Figure 9. Effect of reaction kinetic models with different combinations of α and β on the bioethanol concentration in different periods.

4. Conclusions

This study proposes a novel system combining SHF with a bioethanol-fueled SOFC. The system comprises a pretreatment reactor unit, a conditioning unit, a high-solids hydrolysis unit, a seed train unit, an ethanol recovery unit, and an SOFC unit. Bioethanol produced in the SHF subsystem is fed into the SOFC subsystem to enhance overall system efficiency. The thermodynamic performance of the system is systematically investigated through exergy analysis. Additionally, typical reaction orders are selected to further explore the operational behavior.
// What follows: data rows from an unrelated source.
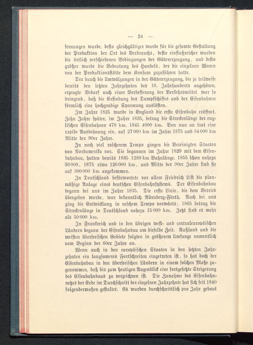 Im Jahre 1825 wurde in England die erste Eisenbahn eröffnet.Zehn Jahre später, im Jahre 1835, betrug die Streckenlänge der eng-lischen Eisenbahnen 470 km, 1845 4000 km. Von nun an trat einerapide Ausdehnung ein, auf 27000 km im Jahre 1875 und 34000 kmMitte der Wer Jahre.
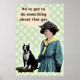 Esta poster engraçada mostra uma mulher com roupas antigas. Ela parece que está amassando o nariz. Ela está ao lado de um Boston Terrier. A bolha de pensamento diz "Temos que fazer algo sobre esse gás"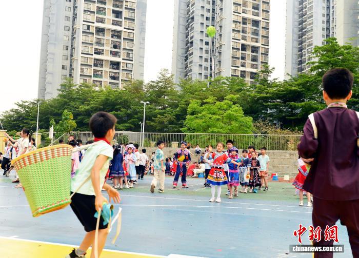 图为在广西三江侗族自治县古宜镇江川小学,学生在参加民俗展演活动。龚普康 摄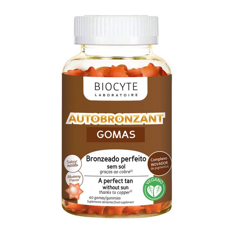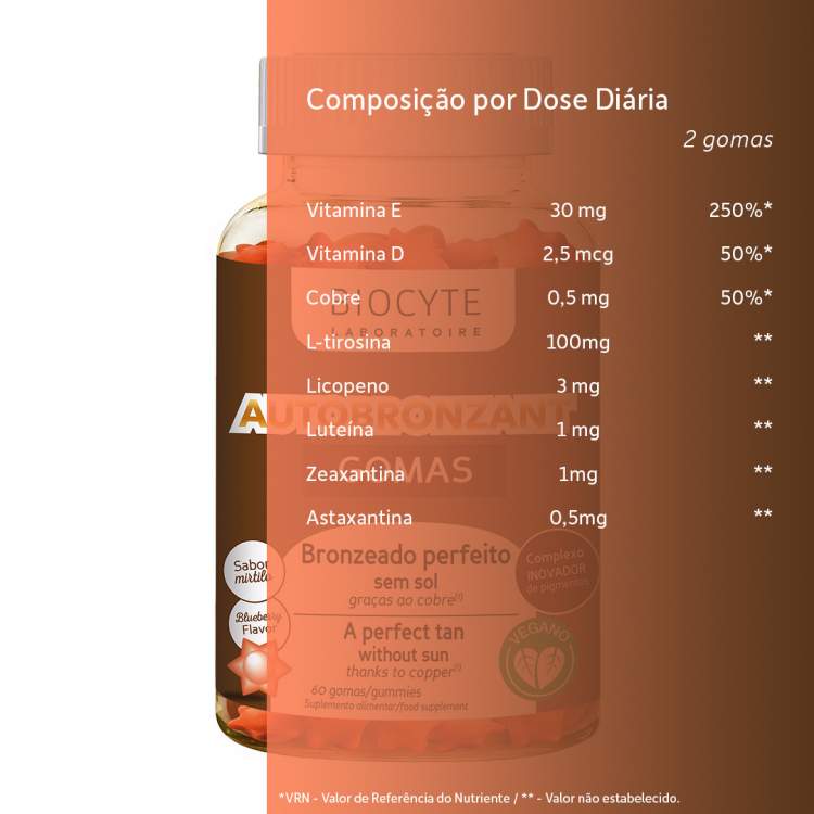 Suplemento alimentar à base de cobre, com um inovador complexo de pigmentos, que bronzeia a pele mesmo sem exposição solar. A sua fórmula inovadora promove um bronzeado saudável, uniforme e com um brilho natural durante todo o ano. Contém Cobre, Vitamina E e D, L-tirosina, Licopeno, Luteína, Zeaxantina e Astaxantina. O complexo de pigmentos e a Vitamina E protegem as células do stress oxidativo, enquanto que o cobre contribui para a normal pigmentação da pele. Tomar 2 gomas por dia, de preferência de manhã. Gomas fabricadas com gelatina vegetal. Guardar num local seco, abaixo dos 25º e protegido da luz solar.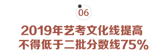 要求指出,除经教育部批准的部分独立设置的本科艺术院校外,2019年高校美术学类和设计学类专业一般不组织校考。2020年起使用省级统考成绩,不再组织校考。艺术类本科专业高考文化课录取控制分数线,在未合并普通本科第二、三批次的省份,原则上不得低于本科第二批次录取控制分数线的70%,在合并原普通本科第二、三批次的省份,原则上不得低于合并后第二批次录取控制分数线的75%,确需过渡的省份,应在三年内调整到位。
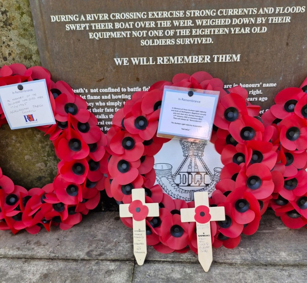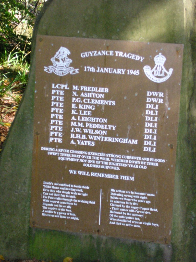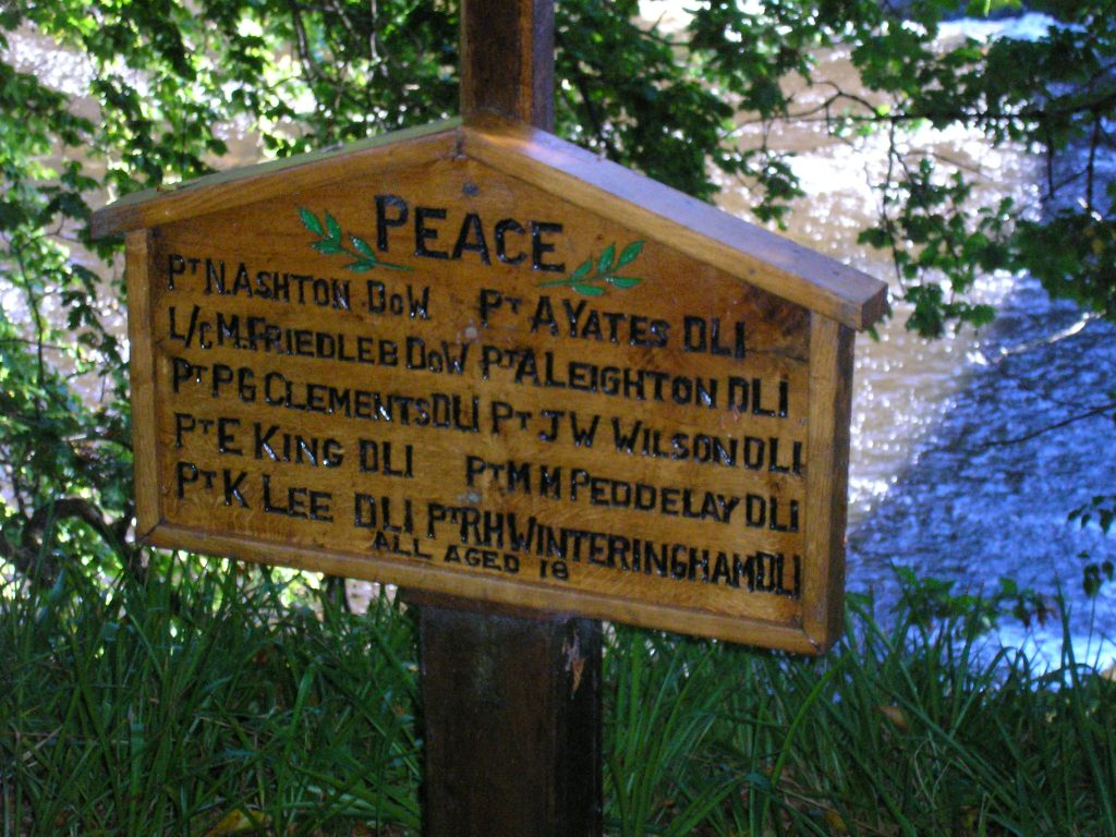 11 September 1995: A memorial to these ten young soldiers was erected adjacent to the weir by a number of people from Felton. The dedication ceremony was attended by a party from the DLI Association which had been organised by Bernard Seyburn of the Darlington and Newton Aycliffe Branch, who himself had completed the same course shortly before this unfortunate incident.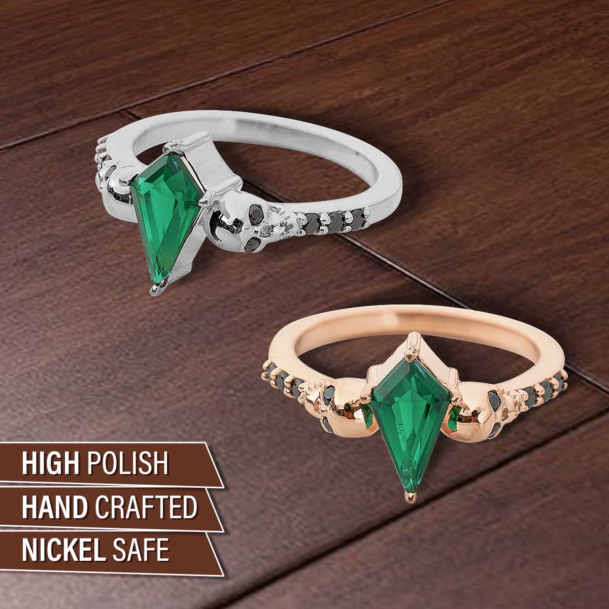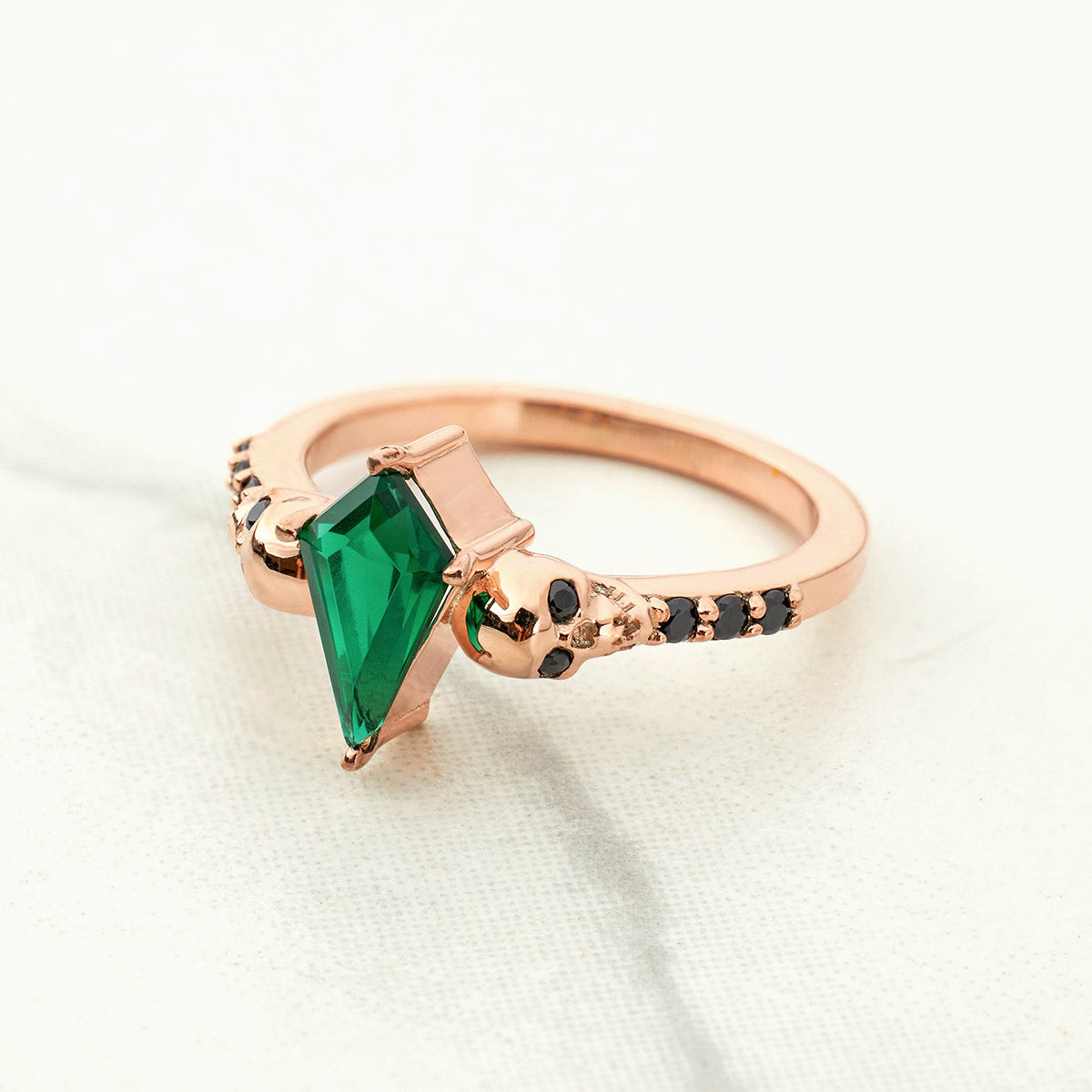 Kite Cut Green CZ Skull Ring Rose Gold Gothic Engagement Rings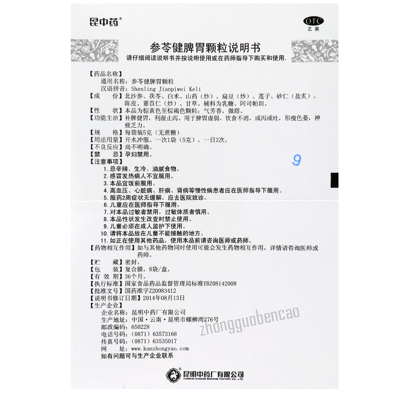 昆中药参苓健脾胃颗粒 每盒8袋 1盒装 保质期36个月 Item: Kunzhongyao Shenling Jianpiwei Keli Quantity/Box: 8 Bags Shelf Life: 36 Months Package Included: 1 Box of Kunzhongyao Shenling Jianpiwei Keli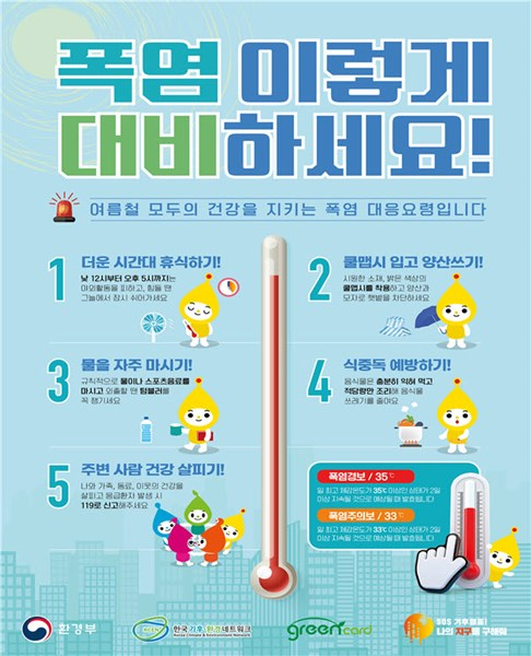 기상청은 올 여름철 평균 기온이 평년보다 높을 것으로 예상하고 폭염일수 또한 증가하여 역대 최대의 폭염 피해를 예상하고 있다.

The main conclusions are summarized as follows:
(1)
Exergy analysis reveals that the major source of exergy occurs in the high-solids hydrolysis unit, in which Rstoic 3 and Continuous reactor have the relatively low exergy efficiency, reaching 0.21 and 0.51, respectively, due to a chemical reaction in the larger vessels. The other main exergy destruction occurs in the conditioning unit, which generates high irreversible losses due to the chemical reactions, in which the exergy efficiency of Rstoic 1 and Rstoic 2 reach 0.24 and 0.29, respectively.
(2)
The bioethanol concentration increased with the reaction time due to gradual hydrolysis of lignocellulosic biomass slurry. The reactants introduce a limited overall influence on the reaction rate within RStoic 1 and RStoic 2. Given the excess acid in these reactions, the effect of declining acid concentration on the increase in bioethanol concentration appears to be negligible.
In summary, the proposed integrated system achieves a total exergy efficiency of about 0.72. These results confirm that the coupling of SHF route and SOFC enables efficient conversion of lignocellulosic biomass into electricity. This work plays a pivotal role in enabling the centralized and efficient utilization of biomass resources while introducing a comprehensive framework for evaluating both thermodynamic performance and reaction kinetic. This work offers valuable theoretical and methodological support for advancing biomass conversion processes and provides practical guidance for accelerating the technological maturity and large-scale deployment of biorefinery systems. On the other hand, the designed system is particularly suitable for areas with both abundant biomass resources and localized energy demands, such as small industrial parks or self-sustained islands. In such scenarios, centralized biomass utilization can effectively overcome challenges in transport and storage while enhancing energy conversion efficiency. Thus, the proposed system not only supports decentralized clean energy deployment but also provides a practical approach to achieving regional carbon neutrality and sustainable bioenergy development.
However, it is recognized that incorporating heat recovery schemes and degradation effects could further refine the results and provide a more realistic representation of long-term system performance. Future work will aim to expand the current model to include these aspects and evaluate their quantitative influence on overall efficiency. Additionally, energy integration strategies will be explored to enhance system performance through improved waste heat recovery.

Supplementary Materials

The following supporting information can be downloaded at: https://www.mdpi.com/article/10.3390/en18246456/s1. Table S1. Proximate analysis of characteristics of biomass material (dry basis). Table S2. Input parameters of the proposed system.

Author Contributions

Conceptualization, S.G. and Y.L.; methodology, S.G.; software, S.G. and Y.L.; validation, S.G.; formal analysis, S.G. and Y.L.; investigation, S.G. and Y.Z.; resources, S.G. and Y.Z.; writing—original draft preparation, S.G. and Y.L.; writing—review and editing, S.G. and Y.Z.; visualization, S.G.; supervision, S.G. and Y.Z.; project administration, S.G. and Y.Z.; funding acquisition, S.G. and Y.Z. All authors have read and agreed to the published version of the manuscript.

Funding

This research was funded by the National Natural Science Foundation of China, under grant number 22408027 and 22478057, and also by the Changzhou Science and Technology Program, under grant number CJ20240071.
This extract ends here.